(RECORDS PROVIDED Opens)
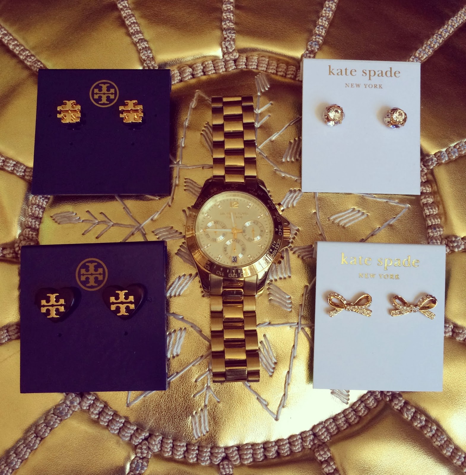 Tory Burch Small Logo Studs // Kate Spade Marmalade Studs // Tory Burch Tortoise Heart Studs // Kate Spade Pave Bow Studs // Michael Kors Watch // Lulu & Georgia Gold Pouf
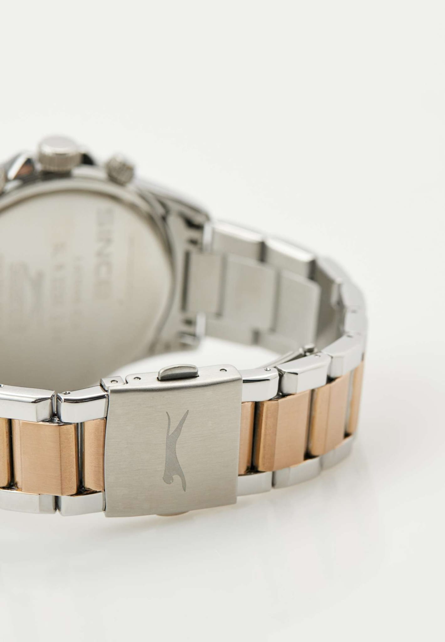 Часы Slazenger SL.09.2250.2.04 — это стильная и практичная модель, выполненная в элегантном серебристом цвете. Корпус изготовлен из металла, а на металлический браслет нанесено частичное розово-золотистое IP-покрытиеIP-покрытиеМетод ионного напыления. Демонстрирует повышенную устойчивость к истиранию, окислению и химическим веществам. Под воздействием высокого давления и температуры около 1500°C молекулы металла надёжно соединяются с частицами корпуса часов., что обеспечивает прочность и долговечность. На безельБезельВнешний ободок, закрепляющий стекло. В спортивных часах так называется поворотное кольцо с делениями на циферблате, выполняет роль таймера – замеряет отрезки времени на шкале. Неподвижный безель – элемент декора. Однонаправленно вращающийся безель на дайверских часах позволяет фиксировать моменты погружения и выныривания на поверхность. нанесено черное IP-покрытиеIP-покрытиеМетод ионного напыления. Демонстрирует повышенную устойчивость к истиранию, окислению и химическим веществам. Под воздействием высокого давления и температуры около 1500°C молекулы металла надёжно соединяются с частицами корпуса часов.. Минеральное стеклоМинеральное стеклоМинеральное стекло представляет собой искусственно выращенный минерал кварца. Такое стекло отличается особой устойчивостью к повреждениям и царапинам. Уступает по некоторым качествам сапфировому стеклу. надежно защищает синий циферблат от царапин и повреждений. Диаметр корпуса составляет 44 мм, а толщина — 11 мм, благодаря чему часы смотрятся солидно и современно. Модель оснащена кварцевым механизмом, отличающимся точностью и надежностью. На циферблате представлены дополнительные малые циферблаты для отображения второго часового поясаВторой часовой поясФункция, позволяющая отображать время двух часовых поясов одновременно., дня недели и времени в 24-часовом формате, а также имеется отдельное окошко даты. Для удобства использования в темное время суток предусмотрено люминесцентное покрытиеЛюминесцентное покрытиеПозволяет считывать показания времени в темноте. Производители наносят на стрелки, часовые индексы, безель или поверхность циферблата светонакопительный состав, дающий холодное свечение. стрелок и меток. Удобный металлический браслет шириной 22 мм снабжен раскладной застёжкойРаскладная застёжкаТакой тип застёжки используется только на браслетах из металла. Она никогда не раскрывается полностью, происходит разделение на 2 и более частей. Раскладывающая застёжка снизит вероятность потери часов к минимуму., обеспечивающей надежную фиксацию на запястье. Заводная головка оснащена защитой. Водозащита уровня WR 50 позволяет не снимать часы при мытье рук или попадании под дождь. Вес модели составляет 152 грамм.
(RECORDS PROVIDED Closes)
(RECORDS PROVIDED Opens)
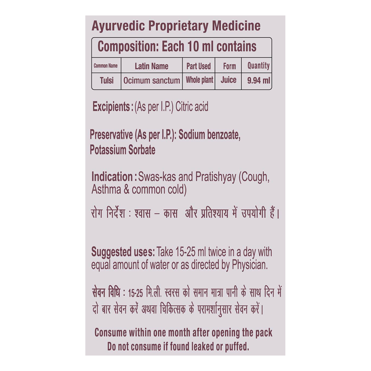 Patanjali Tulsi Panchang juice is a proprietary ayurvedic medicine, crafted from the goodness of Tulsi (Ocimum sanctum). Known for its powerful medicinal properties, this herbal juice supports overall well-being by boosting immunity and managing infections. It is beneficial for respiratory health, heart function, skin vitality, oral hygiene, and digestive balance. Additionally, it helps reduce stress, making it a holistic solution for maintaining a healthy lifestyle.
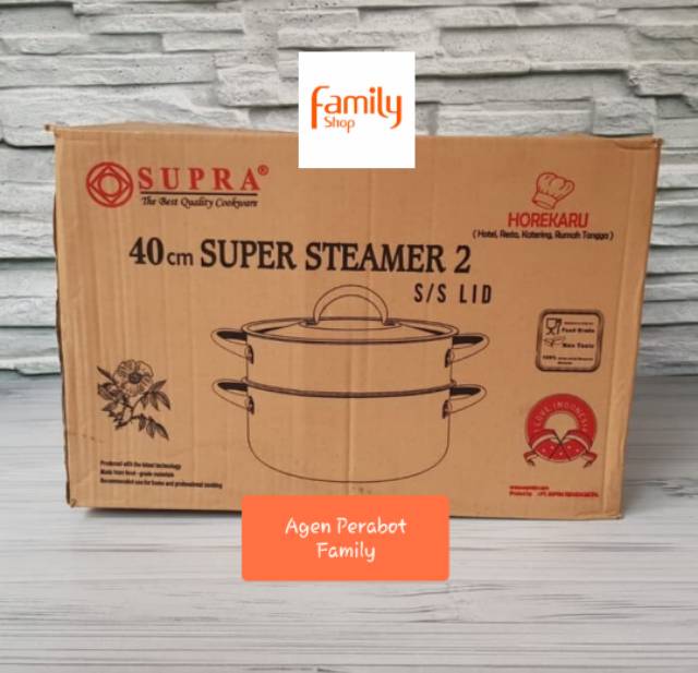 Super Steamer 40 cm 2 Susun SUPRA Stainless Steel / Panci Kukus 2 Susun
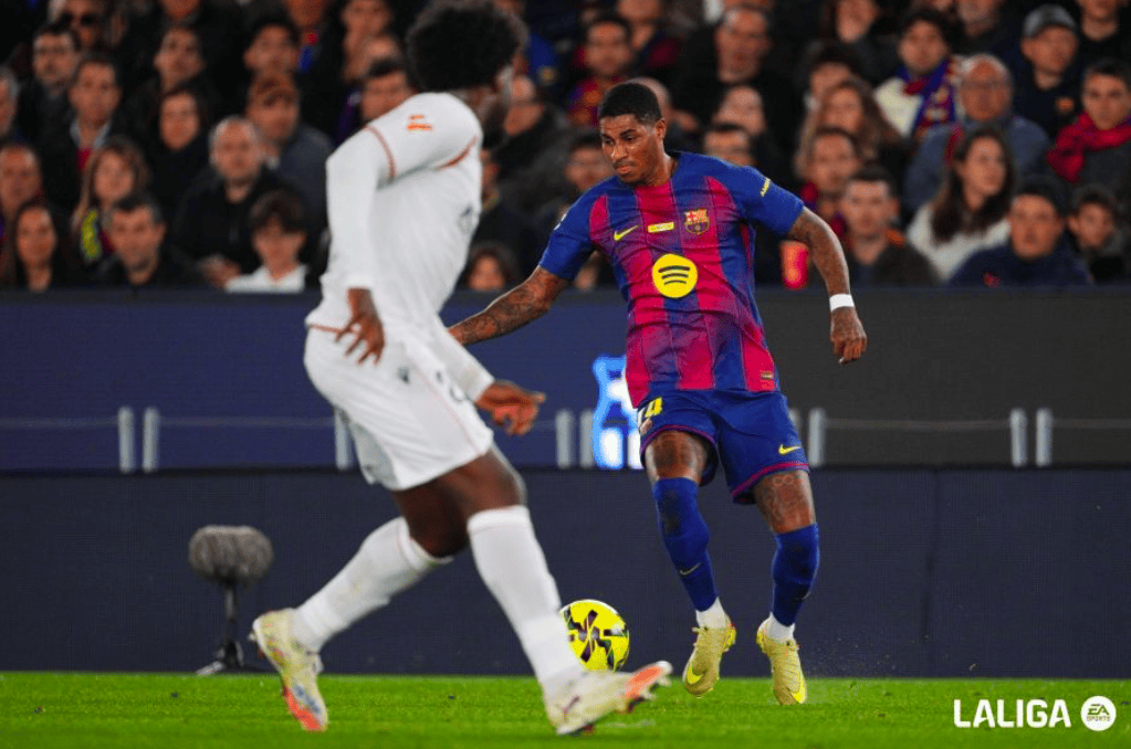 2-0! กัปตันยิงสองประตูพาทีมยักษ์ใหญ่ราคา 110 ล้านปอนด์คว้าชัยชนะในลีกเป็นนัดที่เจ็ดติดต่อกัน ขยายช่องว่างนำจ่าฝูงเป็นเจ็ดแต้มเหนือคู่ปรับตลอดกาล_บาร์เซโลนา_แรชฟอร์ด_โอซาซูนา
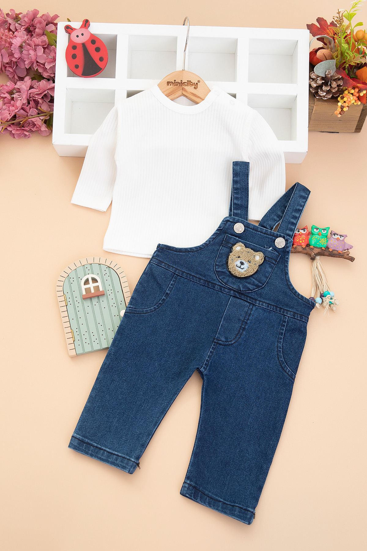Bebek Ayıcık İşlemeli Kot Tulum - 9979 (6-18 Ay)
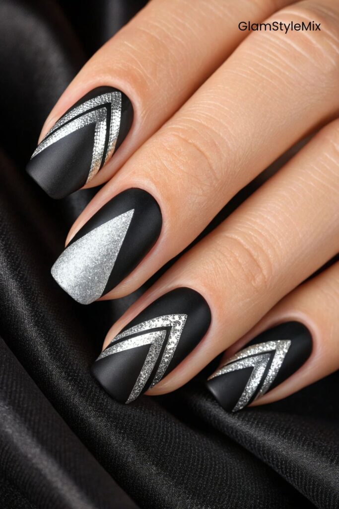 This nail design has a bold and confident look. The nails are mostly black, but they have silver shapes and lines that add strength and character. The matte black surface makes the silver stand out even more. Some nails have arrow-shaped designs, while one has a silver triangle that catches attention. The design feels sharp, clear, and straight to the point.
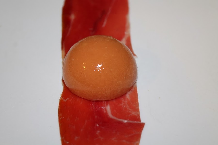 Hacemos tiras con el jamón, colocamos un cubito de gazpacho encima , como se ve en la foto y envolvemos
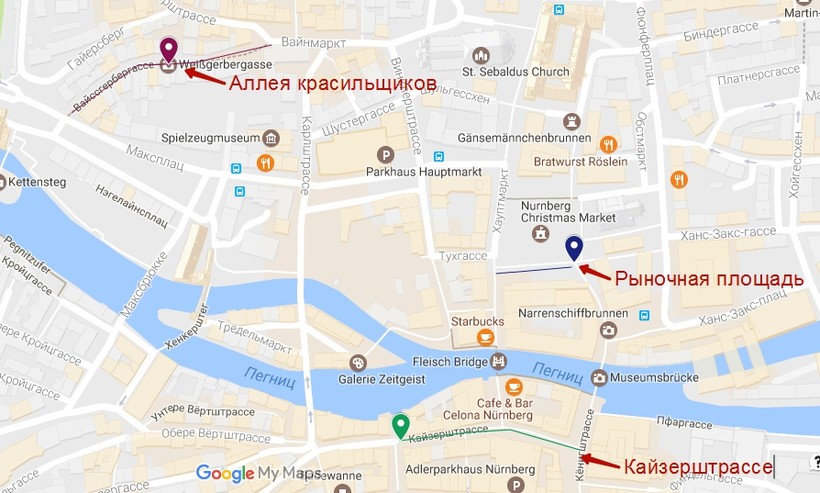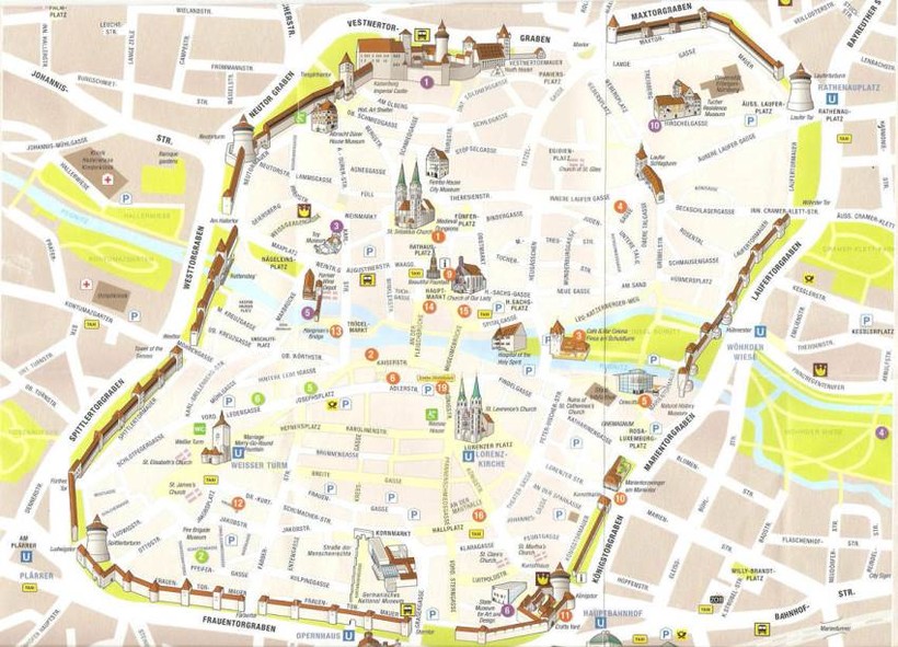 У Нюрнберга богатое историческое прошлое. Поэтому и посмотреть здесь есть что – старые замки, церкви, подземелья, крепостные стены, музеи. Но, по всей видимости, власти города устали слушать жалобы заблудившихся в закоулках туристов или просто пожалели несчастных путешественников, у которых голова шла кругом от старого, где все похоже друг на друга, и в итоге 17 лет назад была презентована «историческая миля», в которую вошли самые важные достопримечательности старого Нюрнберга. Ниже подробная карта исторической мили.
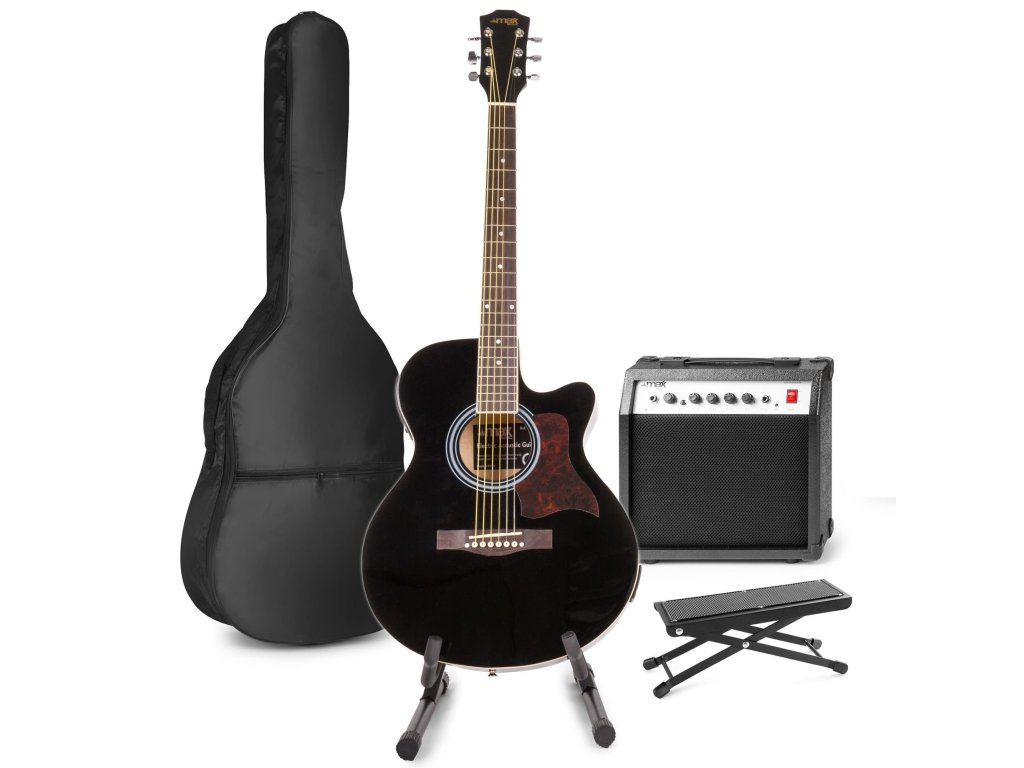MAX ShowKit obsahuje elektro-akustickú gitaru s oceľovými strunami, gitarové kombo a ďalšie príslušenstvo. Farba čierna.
(RECORDS PROVIDED Closes)
EXERCISE DETAILS: Return the stretch of data that begins with the line showing "2-0! กัปตันยิงสองประตูพาทีมยักษ์ใหญ่ราคา 110" and goes on through the line showing "Hacemos tiras con", exactly, with pictures removed.

EXERCISE RESPONSE:
 2-0! กัปตันยิงสองประตูพาทีมยักษ์ใหญ่ราคา 110 ล้านปอนด์คว้าชัยชนะในลีกเป็นนัดที่เจ็ดติดต่อกัน ขยายช่องว่างนำจ่าฝูงเป็นเจ็ดแต้มเหนือคู่ปรับตลอดกาล_บาร์เซโลนา_แรชฟอร์ด_โอซาซูนา
Bebek Ayıcık İşlemeli Kot Tulum - 9979 (6-18 Ay)
 This nail design has a bold and confident look. The nails are mostly black, but they have silver shapes and lines that add strength and character. The matte black surface makes the silver stand out even more. Some nails have arrow-shaped designs, while one has a silver triangle that catches attention. The design feels sharp, clear, and straight to the point.
 Hacemos tiras con el jamón, colocamos un cubito de gazpacho encima , como se ve en la foto y envolvemos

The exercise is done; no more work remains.